여기서, 암 환자 집단 및 정상인 집단의 유전자 발현 데이터에 대해 검증할 유전자 경로들로서, 생물학적 경로들(biological pathways)에 관한 데이터베이스인 Reactome로부터 획득된 587개의 유전자 경로들을 선정한다.Here, 587 gene pathways obtained from Reactome, a database on biological pathways, are selected as gene pathways to be verified for gene expression data of cancer patient population and normal population.

587개의 유전자 경로들에 대해서는 Affymetrix U133A 및 Affymetrix U133 plus 2.0의 플랫폼들을 이용하여 유전자 발현 데이터를 분석한다.For 587 gene pathways, gene expression data is analyzed using Affymetrix U133A and Affymetrix U133 plus 2.0 platforms.

구체적인 시뮬레이션 설정은 표(401)와 같이, GEO 데이터베이스의 GSE19804의 데이터 세트(DataSet)로부터 획득된 폐암(lung cancer) 환자 집단 60명의 유전자 발현 데이터 및 정상인 집단 60명의 유전자 발현 데이터 중 앞서 선정된 587개의 유전자 경로들을, Affymetrix U133 plus 2.0의 플랫폼으로 분석한다. 그리고, GSE10082의 데이터 세트(DataSet)로부터 획득된 폐암(lung cancer) 환자 집단 27명의 유전자 발현 데이터 및 정상인 집단 27명의 유전자 발현 데이터 중 앞서 선정된 587개의 유전자 경로들을, Affymetrix U133A의 플랫폼으로 분석한다. 또한, GSE10072의 데이터 세트(DataSet)로부터 획득된 폐암(lung cancer) 환자 집단 33명의 유전자 발현 데이터 및 정상인 집단 33명의 유전자 발현 데이터 중 앞서 선정된 587개의 유전자 경로들을, Affymetrix U133A의 플랫폼으로 분석한다.The specific simulation settings are shown in Table 401. The gene expression data of 60 lung cancer patient populations obtained from the data set of GSE19804 of the GEO database and the gene expression data of 60 normal people 607 Gene pathways are analyzed by Affymetrix U133 plus 2.0 platform. Then, the gene expression data of 27 lung cancer patients obtained from the data set of GSE10082 (data set) and the 587 gene pathways selected from among the 27 gene expression data of normal population are analyzed by the platform of Affymetrix U133A. In addition, the gene expression data of 33 lung cancer patients obtained from the data set of GSE10072 (DataSet) and the gene pathway data of 33 genes of the normal population are analyzed by Affymetrix U133A platform.

이 때, 587개의 유전자 경로들 각각의 암 관련도 분석을 위하여, 5종류의 방법들, 즉 Fisher Exact Test, Binomial Test, GeneSet Enrichment Analysis (GSEA), Mahalanobis distance 및 Euclid distance 각각을 이용하여, 유전자 경로와 폐암 존재 가능성 간의 관련도를 분석 또는 시뮬레이션한다.Using the five different methods, Fisher Exact Test, Binomial Test, Gene Set Enrichment Analysis (GSEA), Mahalanobis distance and Euclid distance, each of the 587 gene pathways was analyzed for cancer pathway, And the likelihood of lung cancer presence.
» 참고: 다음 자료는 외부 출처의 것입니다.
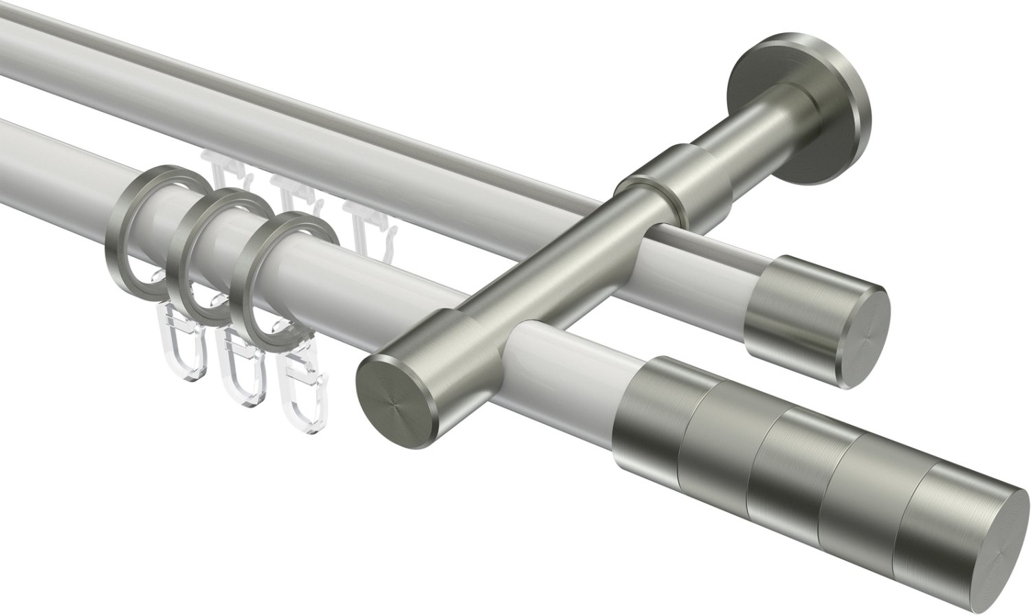 Rundrohr-Innenlauf Gardinenstangen aus Aluminium / Metall in 20 mm Ø, 2-läufig, Modell PRESTIGE - Mavell Weiß / Edelstahl-Optik

시뮬레이션 결과, 글루타메이트 물질 대사와 관련된 amino acid synthesis and interconversion (transamination)의 경로, unwinding of DNA의 경로, O-linked glycosylation of mucins의 경로, APC Cdc20 mediated degradation of Nek2A의 경로, synthesis and interconversion of nucleotide di- and triphosphates의 경로, G1/S specific transcription의 경로, kinesins의 경로 등의 유전자 경로들 중, amino acid synthesis and interconversion (transamination)의 경로가 0.871의 정확도(accuracy)로 가장 높은 정확도를 갖는다는 결과가 도출되었다.As a result of the simulation, the pathway of amino acid synthesis and interconversion (transamination) related to glutamate metabolism, the path of unwinding of DNA, the pathway of O-linked glycosylation of mucins, the pathway of APC Cdc20 mediated degradation of Nek2A, Among the gene pathways such as the pathway of G1 / S specific transcription and the pathway of kinesins, the pathway of amino acid synthesis and interconversion (transamination) has the highest accuracy with an accuracy of 0.871. .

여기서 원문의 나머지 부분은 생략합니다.